Over 52 million Egyptians will vote to choose their president in the first-ever competitive elections to be held on Wednesday.
The voters will have to choose from 12 candidates, Islamists and secularists, in the two-day elections.
If no candidate gets an absolute majority, the top two vote-getters would compete in a runoff on June 16 and 17. The winner of the runoff would become Egypt's first president since Hosni Mubarak and will take office before July 1.
The Cabinet met on Wednesday to discuss the monitoring of the presidential election.
Meanwhile, Justice Minister Adel Abdel Hamid has also formed an operations room for the purpose.
"People can call 19303 about any problem," he said.
Ganzouri asked citizens to participate in the election as "their duty" and urged them to accept the decision of the majority.
"I hope the election would pass peacefully. And I call on all political forces to accept the result," he said.
Political, revolutionary forces and trade unions have also formed operations rooms while the Judges for Egypt Movement deployed 350 judges and 1,500 observers to monitor the process.
Also, 9,457 observers from 53 various human rights groups accredited by the Presidential Elections Commission would be present at the polling stations. The Carter Centre allowed 22 international observers from 14 countries to observe the campaigning, the voting and the counting. Former US President Jimmy Carter met with Ganzouri on Tuesday to discuss the democratisation process in Egypt.
The Muslim Brotherhood has also formed 300 operation rooms and 30 committees to monitor violations, and is sending 70,000 representatives to the polling stations.
Egyptians are holding their breath lest any surprises pop up during the elections.
Secretary General of the Presidential Elections Commission Hatem Bagato has said that ousted President Hosni Mubarak and his son, Gamal, have the right to vote in the presidential election.

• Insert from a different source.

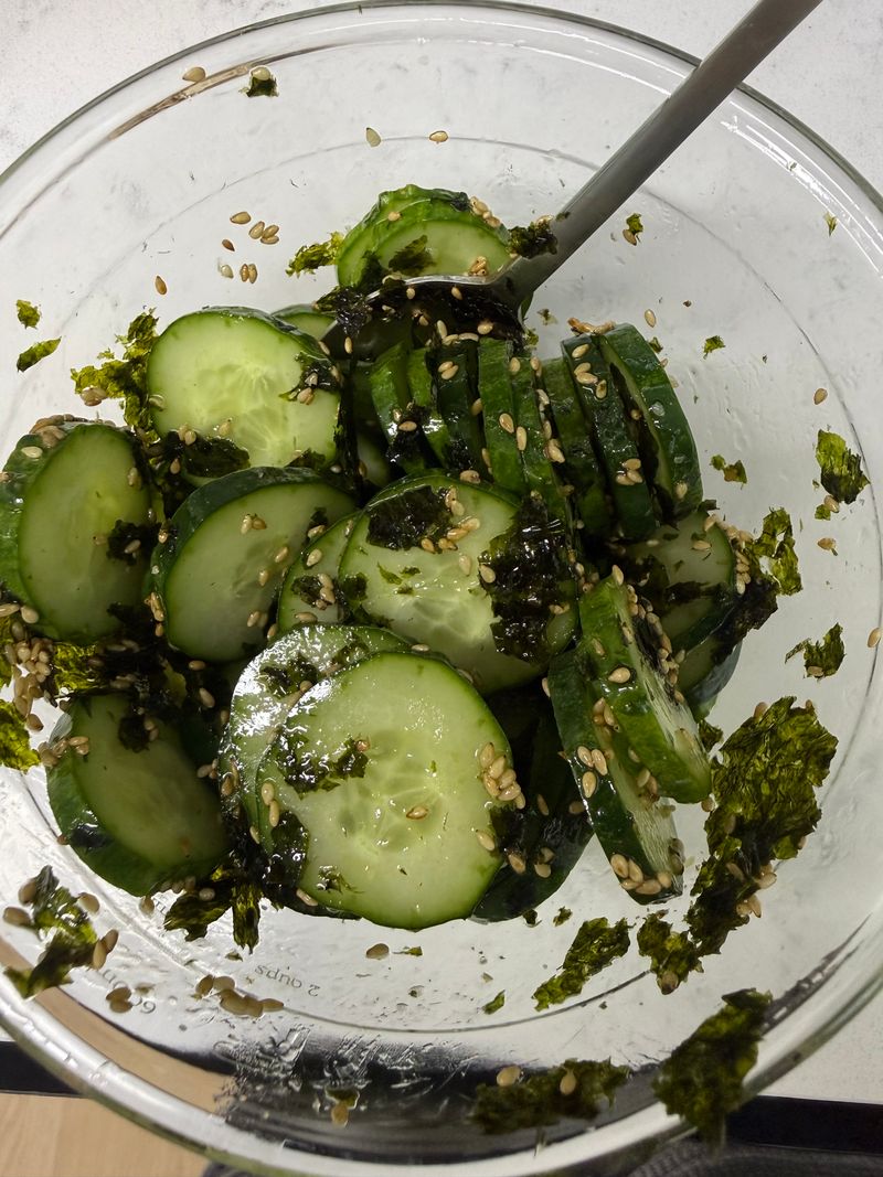 요리가 겁나고 귀찮은데 배달 음식은 싫은 분께 강추하는 오이김무침이었습니다💖

Bagato said that the commission has not yet received a request from them to take part in the election. He confirmed that the commission is still studying requests from detainees to vote.
Sources at the interior ministry's prison department said there are between 7,000 and 10,000 inmates detained in 42 prisons pending investigations who have the right to cast their votes in the presidential election on Wednesday and Thursday, provided that they apply for it.
The sources added that former President Mubarak, who is detained in a medical centre, and 44 former regime officials, held in five different prisons, have not applied to vote.
Egyptian law allows detainees to vote as long as they have not been convicted.
It is impossible for thousands of detainees to vote because voting requires polling stations, civil workers and judges to supervise the elections, particularly as prisoners number over 3,000 in various prisons in Cairo and 1,000 in Tora.